ATI LPN
Maternal Newborn ATI Proctored Exam
1. When caring for a client suspected of having hyperemesis gravidarum, which finding is a manifestation of this condition?
- A. Hgb 12.2 g/dL
- B. Urine ketones present
- C. Alanine aminotransferase 20 IU/L
- D. Blood glucose 114 mg/dL
Correct answer: B
Rationale: The correct answer is B: Urine ketones present. The presence of urine ketones indicates dehydration, which is a common manifestation of hyperemesis gravidarum. Hyperemesis gravidarum is characterized by severe nausea, vomiting, weight loss, and electrolyte imbalances due to dehydration. Monitoring for ketonuria helps assess the degree of dehydration in clients with this condition. Choices A, C, and D are incorrect because hemoglobin level, alanine aminotransferase level, and blood glucose level are not specific manifestations of hyperemesis gravidarum. While these laboratory values may be abnormal in some cases, they are not typically used to diagnose or assess the condition.
2. A healthcare provider is assessing a newborn 1 hr after birth. Which of the following respiratory rates is within the expected reference range for a newborn?
- A. 22/min
- B. 48/min
- C. 100/min
- D. 110/min
Correct answer: B
Rationale: The expected respiratory rate for a newborn is between 30 to 60 breaths per minute. A rate of 48 breaths per minute falls within this range, indicating normal respiratory function for a newborn. Choice A (22/min) is below the expected range, Choices C (100/min) and D (110/min) are above the expected range for a newborn's respiratory rate.
3. When checking for the Moro reflex in a newborn, what action should the nurse take?
- A. Hold the newborn vertically under arms and allow one foot to touch the table.
- B. Stimulate the pads of the newborn's hands with stroking or massage.
- C. Stimulate the soles of the newborn's feet on the outer lateral surface of each foot.
- D. Hold the newborn in a semi-sitting position, then allow the newborn's head and trunk to fall backward.
Correct answer: D
Rationale: The correct action to check for the Moro reflex in a newborn is to hold the newborn in a semi-sitting position and then allow the newborn's head and trunk to fall backward. The Moro reflex is elicited by a sudden loss of support or a loud noise. The normal response involves symmetrical abduction and extension of the arms, followed by their return to the midline in an embracing motion. Choices A, B, and C do not describe the correct method for assessing the Moro reflex and are therefore incorrect.
4. A woman at 38 weeks of gestation is admitted in early labor with ruptured membranes. The nurse determines that the client's oral temperature is 38.9°C (102°F). Besides notifying the provider, which of the following is an appropriate nursing action?

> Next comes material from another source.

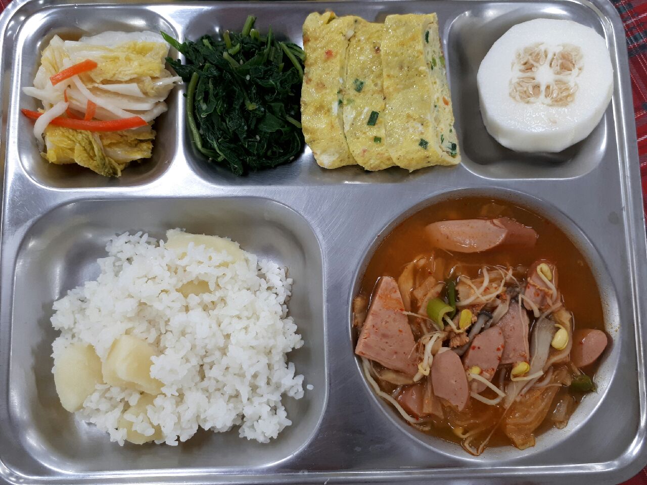 6일 중식 : 감자밥, 부대찌개, 야채계란말이, 깻잎순볶음, 백김치, 참외

- A. Recheck the client's temperature in 4 hours.
- B. Administer glucocorticoids intramuscularly.
- C. Assess the odor of the amniotic fluid.
- D. Prepare the client for emergency cesarean section.
Correct answer: C
Rationale: An elevated temperature in a woman with ruptured membranes may indicate infection. Assessing the odor of the amniotic fluid can help determine if chorioamnionitis (an infection of the amniotic fluid) is present. This assessment is crucial to guide further interventions and management of the client's condition. Options A, B, and D are incorrect. Rechecking the client's temperature in 4 hours does not address the immediate concern of potential infection. Administering glucocorticoids intramuscularly is not indicated based solely on an elevated temperature. Preparing the client for an emergency cesarean section is premature and not supported by the information provided.
5. A nurse in a prenatal clinic overhears a newly licensed nurse discussing conception with a client. Which of the following statements by the newly licensed nurse requires intervention by the nurse?
- A. Fertilization takes place in the outer third of the fallopian tube.
- B. Implantation occurs between 6 to 10 days after conception.
- C. Sperm remain viable in the woman's reproductive tract for 2 to 3 days.
- D. Bleeding or spotting can accompany implantation.
Correct answer: B
Rationale: The correct answer is B because implantation typically occurs between 6 to 10 days after conception, not 2 to 3 days. It is crucial for the nurse to intervene and provide accurate information to ensure the client receives correct education about conception. Choice A is correct as fertilization does occur in the outer third of the fallopian tube. Choice C is also accurate as sperm can remain viable in the woman's reproductive tract for 2 to 3 days. Choice D is correct as bleeding or spotting can indeed accompany implantation.